What is an AR Model?

An Auto Regressive Model, or simply an AR-Model, is a statistical model for time series.

The main assumption is that the value in time $t+1$ is a linear combination of the $p$ previous values.

The $p$ parameter is called the order of the model. Hence an auto regressive model of order $p$ can be concisily referred to as an $AR(p)$ model.

Given $\{x_t\}_{t=0}^{n}$ data points the main assumption of an AR($p$) model is expresed through the following equation:

$$ x_{t+1} = \alpha_0x_t + \cdots \alpha_{p-1}x_{t-p-1}. $$

In order to callibrate this model one needs to find the coefficients $alpha_i$, $i=0,\cdots,p-1$ that minimize a given loss function.

How Can It Be Written Using Matrices?

This section is aimed at expressing the same ideas using matrices and vectors. $$ X_t := \big( x_{t+p-1}, x_{t+p-2}, \cdots, x_{t+1}, x_t \big)^T, $$

$$ W_{xy} := (\alpha_0, \alpha_1, \cdots, \alpha_{p-2}, \alpha_{p-1}), $$

$$ Y_t := ( x_{t+p} ). $$ Hence, the same $AR(p)$ model is given by $$ Y_t = W_{xy}X_t. $$

What if a Hidden Unit is Added?

Having in a mind a classic neural network architecture, one could add a hidden unit.

Now instead of having a weight that takes $X_t$ straight up to $Y_t$, one decomposes it into $W_{xh}$ and $W_{hy}$ in such a way that $W_{xy} = W_{hy} W_{xh} $.

The equation then becomes $$ Y_t = W_{xy}X_t = W_{hy} W_{xh} X_t = W_{hy} h_t. $$

Now one can add recurrence between the the hidden units. That is, one can add a term $W_{hh}$ that integrates the value of $h_{t-1}$ into $h_t$: $$ Y_t = W_{hy} h_t = W_{hy} \big( W_{xh} X_t + W_{hh} h_{t-1} \big). $$

What if Activation Functions and Biases are Added?
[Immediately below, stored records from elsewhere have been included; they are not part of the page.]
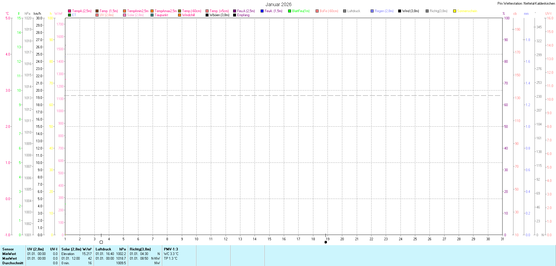 Max.(16:00) (Vorjahr: 0,0 UV-I um 00:00) |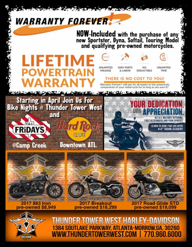 Apr. 29 Dalton, GA. Open House. Mountain Creek H-D, 1001 Market St. Noon-5PM. Demo the 2017's and find your new ride. Food available for purchase.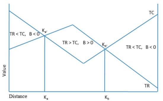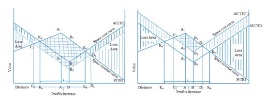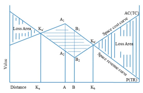 In Figure 3, A1 refers to the highest point of the Space revenue curve P (TR) and B2 refers to the lowest point of the Space cost curve P (TC). A1A2 refers to the profit value of the A location, and B1B2 is the profit value of the B location. Ka and Kb are two points where space cost and space revenue are equal in geospatial location [,,]. In the KaKb geographic interval, the P (TR) is greater than the space cost curve AC (TC). Therefore, the irregular quadrilateral Ka’B2Kb’A1 is the profit zone, and Ka and Kb are the geographical boundaries of the profit.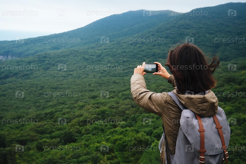 Турист женщина, принимая фотографии пейзаж горы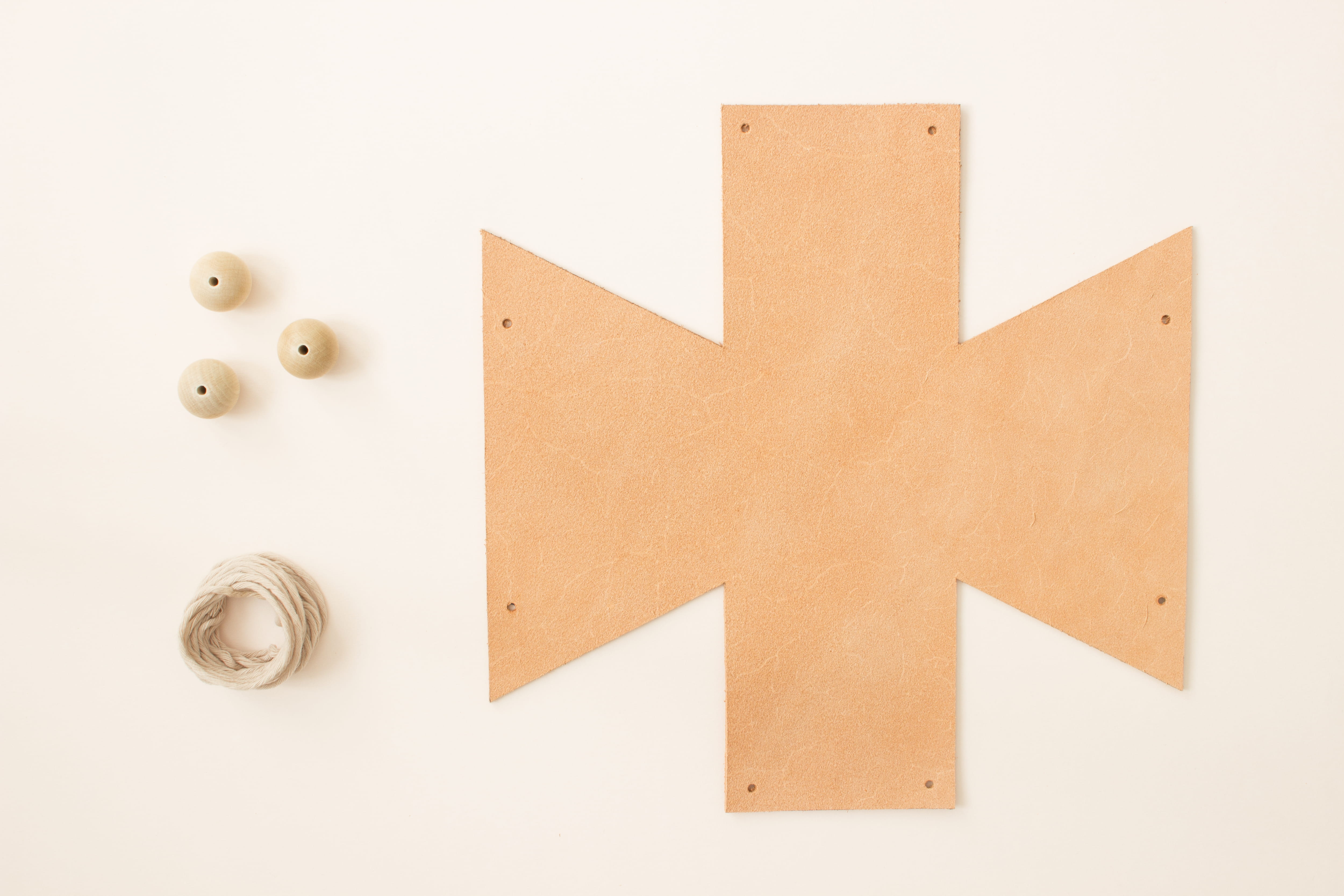 • 1 patron en cuir (dans un carré de 50 cm x 50 cm, faire découper par un cordonnier un patron en forme de croix avec deux extrémités élargies)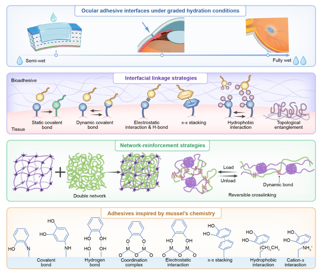 研究團(tuán)隊介紹,眼科粘合材料分為眼表粘合和眼底粘合兩大類,針對性解決不同眼部區(qū)域的治療需求。對于角膜等眼表疾病,“生物膠水”已展現(xiàn)出亮眼潛力,能實(shí)現(xiàn)無縫線角膜移植,填充修復(fù)大范圍角膜缺損,即便在濕潤、滲血的復(fù)雜創(chuàng)面上也能即時封閉,可大幅拓展眼表修復(fù)的適用場景,提升治療效果。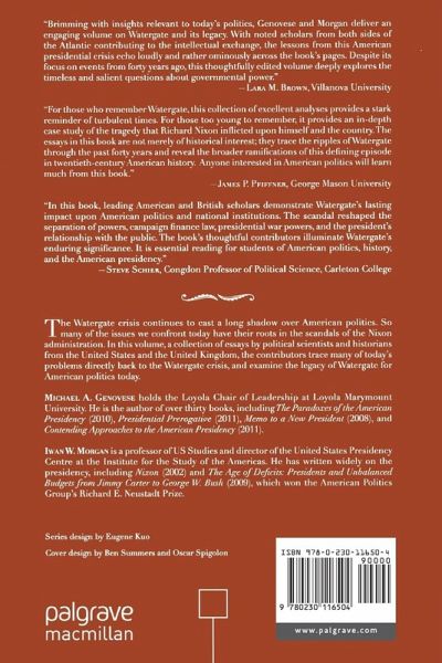 "Brimming with insights relevant to today's politics, Genovese and Morgan deliver an engaging volume on Watergate and its institutional legacy. With noted scholars from both sides of the Atlantic contributing to the intellectual exchange, the lessons from this American presidential crisis echo loudly and rather ominously across the book's pages. More than once, readers are asked to consider downside of the political system's separation of powers. Despite its focus on a series of events which happened over forty years ago, this thoughtfully edited volume more deeply explores the timeless and salient questions about governmental power.' - Lara M. Brown, Villanova University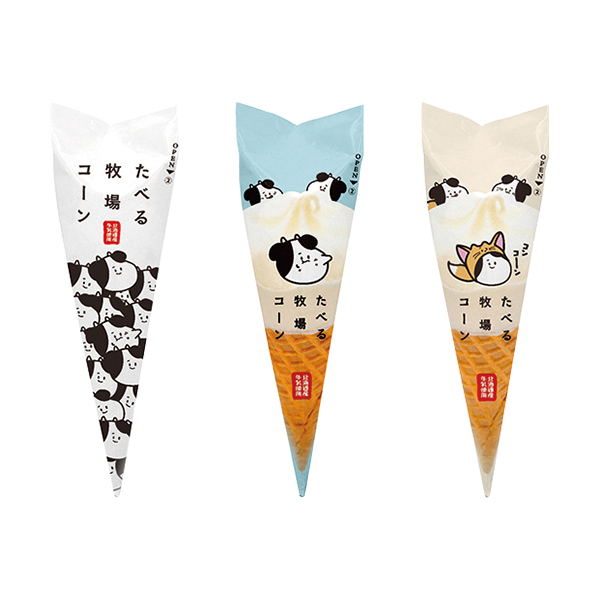 たべる牧場ミルクカップがコーンアイスになりました。アイス部分はカップアイスと同様に牛乳56%使用し、コーン部分には小麦粉の一部に全粒粉を使用しています。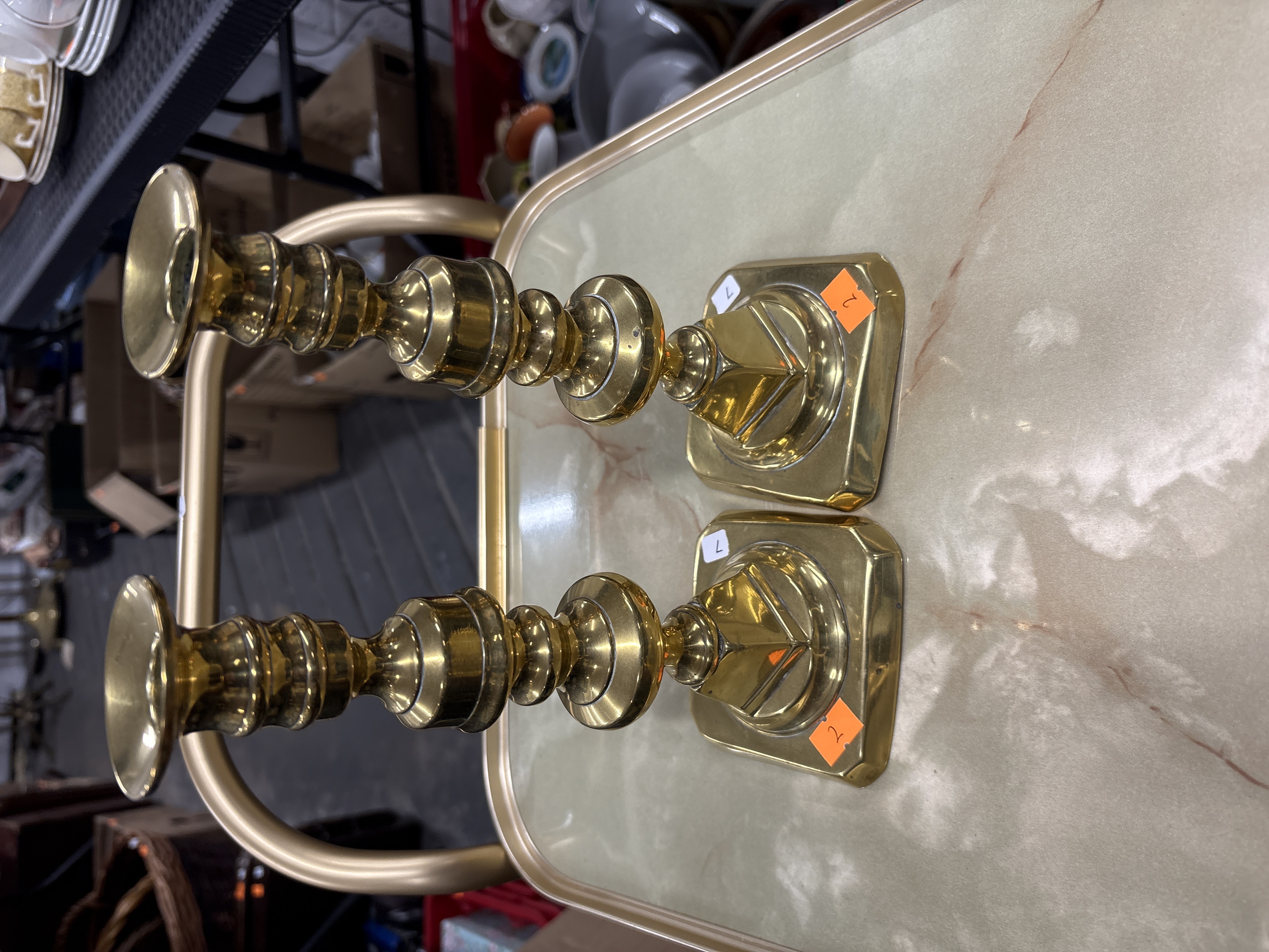The candlesticks exhibit a bright gold-tone finish with visible surface tarnish and light wear consistent with age and handling. Adhesive labels and price tags are present on the bases.

Finally, one can add activation functions and biases. $$ \begin{split} Y_t &= \sigma_y \big( W_{hy} h_t + b_y \big) \\\ &= \sigma_y \Bigg( W_{hy} \sigma_h \Big( W_{xh} X_t + W_{hh} h_{t-1} + b_h \Big) + b_y \Bigg). \end{split} $$

Now note that $$ \begin{split} Y_t &= \sigma_y\big( W_{hy} h_t + b_y \big), \\\ h_t &= \sigma_h \Big( W_{xh} X_t + W_{hh} h_{t-1} + b_h \Big), \end{split} $$ is precisily the architecture of an Elman Network, introduced by Jeffrey L. Elman in $1990$.